Activation of cytokine receptors by their cognate ligands induces a rapid recruitment of the Janus family of tyrosine kinases (Jak1/Jak2) in a Fyn- (Src-family tyrosine kinase) dependent manner. In the case of cytokine receptors (e.g., growth hormone, leptin, prolactin, or interleukin) the recruitment of the Jak kinases substitutes for the lack of an intrinsic tyrosine kinase activity in the C-terminal domain of these receptors. Hence, the ligand-induced association of Jak kinases with cytokine receptors in part recapitulates the functional signaling behavior of EGFR-like growth factor receptors. However, a specific function of the Jak recruitment is their ability to tyrosine phosphorylate downstream activators of transcription from the STAT family of proteins. The Jaks phosphorylate the intracellular tyrosines of the receptor complex, creating docking sites for STATs, which themselves become tyrosine-phosphorylated, thereby forming homo- or hetero-dimeric complexes that translocate to the nucleus. In the nucleus, STATs bind to specific gene promoters to activate the transcription of a range of targeted genes. In addition, autoinhibitory Socs (silencers of cytokine signaling) genes are also activated by cytokine receptor signaling via this Jak–STAT pathway (Starr et al., 1997). An assay-based on BRET was developed to detect the dimerization and action of the leptin receptor (OB-R), a type I cytokine receptor (Couturier and Jockers, 2003).

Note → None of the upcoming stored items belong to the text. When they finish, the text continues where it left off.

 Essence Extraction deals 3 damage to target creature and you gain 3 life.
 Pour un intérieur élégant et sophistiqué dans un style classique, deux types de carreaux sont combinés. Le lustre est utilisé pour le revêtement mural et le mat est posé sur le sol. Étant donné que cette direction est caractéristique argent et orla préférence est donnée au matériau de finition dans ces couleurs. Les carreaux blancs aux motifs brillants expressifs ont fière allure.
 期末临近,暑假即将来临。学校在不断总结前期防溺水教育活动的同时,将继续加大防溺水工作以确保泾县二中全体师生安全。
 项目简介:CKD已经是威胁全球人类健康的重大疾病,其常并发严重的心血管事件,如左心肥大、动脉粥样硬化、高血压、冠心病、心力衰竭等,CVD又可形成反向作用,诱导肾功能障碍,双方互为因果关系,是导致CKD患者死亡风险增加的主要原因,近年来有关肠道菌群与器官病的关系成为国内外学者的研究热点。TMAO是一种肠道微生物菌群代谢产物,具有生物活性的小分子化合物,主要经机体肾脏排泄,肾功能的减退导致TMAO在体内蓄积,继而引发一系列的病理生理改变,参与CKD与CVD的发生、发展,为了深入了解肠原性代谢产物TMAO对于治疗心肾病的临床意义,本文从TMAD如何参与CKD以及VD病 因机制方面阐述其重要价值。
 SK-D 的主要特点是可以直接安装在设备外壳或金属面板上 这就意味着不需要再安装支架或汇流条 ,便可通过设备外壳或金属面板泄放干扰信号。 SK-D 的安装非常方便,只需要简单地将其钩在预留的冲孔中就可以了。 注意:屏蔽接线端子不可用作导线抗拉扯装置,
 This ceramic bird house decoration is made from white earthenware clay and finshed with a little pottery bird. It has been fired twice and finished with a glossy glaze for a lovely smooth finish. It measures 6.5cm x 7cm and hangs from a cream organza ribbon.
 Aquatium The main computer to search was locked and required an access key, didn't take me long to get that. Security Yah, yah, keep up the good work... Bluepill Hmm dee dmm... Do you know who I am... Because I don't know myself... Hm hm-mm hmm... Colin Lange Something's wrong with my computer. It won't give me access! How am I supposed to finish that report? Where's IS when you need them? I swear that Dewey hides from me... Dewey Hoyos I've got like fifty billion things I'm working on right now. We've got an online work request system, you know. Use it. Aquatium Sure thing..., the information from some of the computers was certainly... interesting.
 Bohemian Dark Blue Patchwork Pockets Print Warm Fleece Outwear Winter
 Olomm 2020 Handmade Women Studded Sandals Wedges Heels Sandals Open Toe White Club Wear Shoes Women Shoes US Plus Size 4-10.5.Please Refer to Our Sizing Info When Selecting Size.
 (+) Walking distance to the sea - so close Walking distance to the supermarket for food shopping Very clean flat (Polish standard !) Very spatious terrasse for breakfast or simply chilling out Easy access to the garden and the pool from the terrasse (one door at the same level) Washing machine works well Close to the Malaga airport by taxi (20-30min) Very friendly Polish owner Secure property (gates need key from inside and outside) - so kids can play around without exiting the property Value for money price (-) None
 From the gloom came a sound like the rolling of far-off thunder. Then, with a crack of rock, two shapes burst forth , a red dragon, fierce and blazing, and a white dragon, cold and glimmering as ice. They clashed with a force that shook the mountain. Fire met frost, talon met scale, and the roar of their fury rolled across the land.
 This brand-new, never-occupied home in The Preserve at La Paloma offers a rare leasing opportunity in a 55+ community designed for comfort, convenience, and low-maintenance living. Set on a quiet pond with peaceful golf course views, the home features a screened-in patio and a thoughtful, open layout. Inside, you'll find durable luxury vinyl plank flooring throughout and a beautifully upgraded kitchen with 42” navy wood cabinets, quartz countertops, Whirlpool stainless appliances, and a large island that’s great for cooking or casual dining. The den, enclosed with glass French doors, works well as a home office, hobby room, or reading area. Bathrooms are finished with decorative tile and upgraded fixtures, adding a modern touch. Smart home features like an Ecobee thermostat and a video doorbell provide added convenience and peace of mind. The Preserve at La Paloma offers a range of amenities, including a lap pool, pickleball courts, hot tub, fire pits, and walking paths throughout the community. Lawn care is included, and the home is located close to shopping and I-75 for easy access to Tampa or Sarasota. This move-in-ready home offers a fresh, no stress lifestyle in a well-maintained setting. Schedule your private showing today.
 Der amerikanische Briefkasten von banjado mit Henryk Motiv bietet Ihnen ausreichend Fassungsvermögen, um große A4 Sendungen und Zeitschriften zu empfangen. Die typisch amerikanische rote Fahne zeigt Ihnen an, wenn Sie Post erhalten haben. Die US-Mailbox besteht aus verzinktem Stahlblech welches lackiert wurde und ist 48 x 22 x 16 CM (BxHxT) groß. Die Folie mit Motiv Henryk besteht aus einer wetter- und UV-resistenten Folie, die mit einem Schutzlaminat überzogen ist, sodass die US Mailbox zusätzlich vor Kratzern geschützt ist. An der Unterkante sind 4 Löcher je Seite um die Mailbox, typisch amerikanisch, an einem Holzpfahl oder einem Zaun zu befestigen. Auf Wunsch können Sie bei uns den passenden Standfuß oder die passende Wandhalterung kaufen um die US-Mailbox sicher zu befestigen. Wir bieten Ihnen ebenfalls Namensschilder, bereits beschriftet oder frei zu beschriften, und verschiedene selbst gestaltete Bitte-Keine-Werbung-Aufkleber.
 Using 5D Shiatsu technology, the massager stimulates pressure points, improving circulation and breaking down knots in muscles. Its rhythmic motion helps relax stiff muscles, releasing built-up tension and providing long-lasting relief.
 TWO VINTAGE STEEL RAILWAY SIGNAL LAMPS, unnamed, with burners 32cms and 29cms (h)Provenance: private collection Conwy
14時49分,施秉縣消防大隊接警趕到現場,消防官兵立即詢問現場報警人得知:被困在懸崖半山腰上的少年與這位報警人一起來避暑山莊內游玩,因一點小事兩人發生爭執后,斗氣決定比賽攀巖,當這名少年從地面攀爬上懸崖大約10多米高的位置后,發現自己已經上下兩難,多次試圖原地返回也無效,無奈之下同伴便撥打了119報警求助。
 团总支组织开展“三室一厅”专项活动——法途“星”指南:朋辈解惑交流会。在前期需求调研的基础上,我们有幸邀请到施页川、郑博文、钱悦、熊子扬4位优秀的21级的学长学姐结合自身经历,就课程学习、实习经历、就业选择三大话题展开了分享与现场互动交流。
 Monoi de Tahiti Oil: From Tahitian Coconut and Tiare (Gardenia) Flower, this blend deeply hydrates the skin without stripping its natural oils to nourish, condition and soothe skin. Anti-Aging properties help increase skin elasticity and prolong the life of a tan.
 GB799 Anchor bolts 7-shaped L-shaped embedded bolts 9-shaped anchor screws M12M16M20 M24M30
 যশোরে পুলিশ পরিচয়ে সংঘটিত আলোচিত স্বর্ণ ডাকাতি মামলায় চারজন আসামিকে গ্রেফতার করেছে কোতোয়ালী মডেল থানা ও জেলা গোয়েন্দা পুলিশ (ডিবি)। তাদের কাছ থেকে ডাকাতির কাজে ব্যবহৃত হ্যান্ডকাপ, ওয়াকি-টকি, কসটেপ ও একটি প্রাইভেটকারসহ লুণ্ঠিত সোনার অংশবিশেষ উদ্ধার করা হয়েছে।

The short form of the prolactin receptor inhibits prolactin-induced activation of gene transcription by the long form of the prolactin receptor. In 2009, it was demonstrated using BRET that there is a higher homodimerization affinity of the mutated form of the short form of the prolactin receptor, reduced heterodimerization associations, long form homodimerization, and subsequent prolactin-induced signaling (Xie et al., 2009). Recently, a new genetically encoded biosensor based on BRET technology has been developed to allow real-time monitoring of inflammasome activity (Compan et al., 2012). The primary functional features of this sensor are similar to the endogenous IL-1β, which makes this probe an ideal tool for the characterization of pro-IL-1β processing and for the high-throughput screening of compounds that may underpin the initiation of inflammation (Compan et al., 2012).

Bioluminescence resonance energy transfer has also been successfully applied for the study of GHR activation (Brown et al., 2005). Along with FRET and co-immunoprecipitation in this particular study, BRET studies have generated important evidence that GHR subunits undergo specific transmembrane interactions independent of hormone binding (Brown et al., 2005).